Write every line of the material again exactly, with no pictures in the copy.

Supplied information:
*** Begin section ***

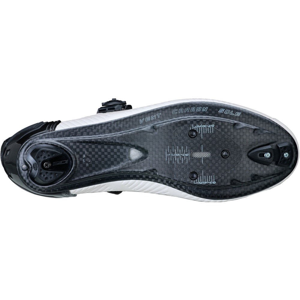 Sidi Wire 2S to zaawansowany model damskich butów szosowych zaprojektowany z myślą o osiągach i niskiej wadze. Podeszwa wykonana z włókna węglowego pozwoli na efektywne przeniesienie mocy podczas jazdy. Otwory umieszczone w spodniej części pozwolą na efektywną wentylację stopy oraz odprowadzą nadmiar ciepła podczas letnich tras. Nic nie stoi na przeszkodzie, aby je przesłonić i wykorzystać buty w chłodniejszym okresie.
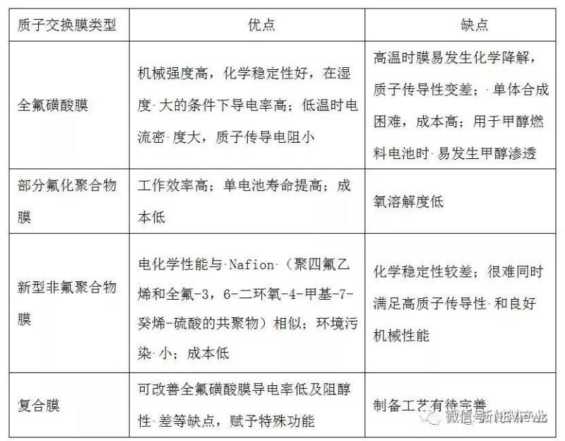 圖8 各類質(zhì)子交換膜優(yōu)缺點比較
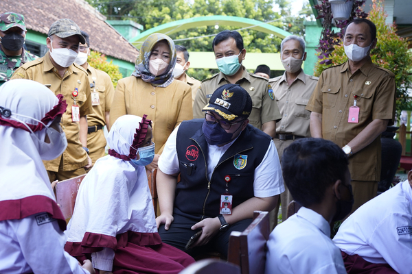 Bupati Kediri Hanindhito Himawan Pramana saat Meninjau Vaksinasi anak di SD Negeri 1 Krandang Kecamatan Kras

*** End section ***

Answer to this exercise:
 Sidi Wire 2S to zaawansowany model damskich butów szosowych zaprojektowany z myślą o osiągach i niskiej wadze. Podeszwa wykonana z włókna węglowego pozwoli na efektywne przeniesienie mocy podczas jazdy. Otwory umieszczone w spodniej części pozwolą na efektywną wentylację stopy oraz odprowadzą nadmiar ciepła podczas letnich tras. Nic nie stoi na przeszkodzie, aby je przesłonić i wykorzystać buty w chłodniejszym okresie.
 圖8 各類質(zhì)子交換膜優(yōu)缺點比較
 Bupati Kediri Hanindhito Himawan Pramana saat Meninjau Vaksinasi anak di SD Negeri 1 Krandang Kecamatan Kras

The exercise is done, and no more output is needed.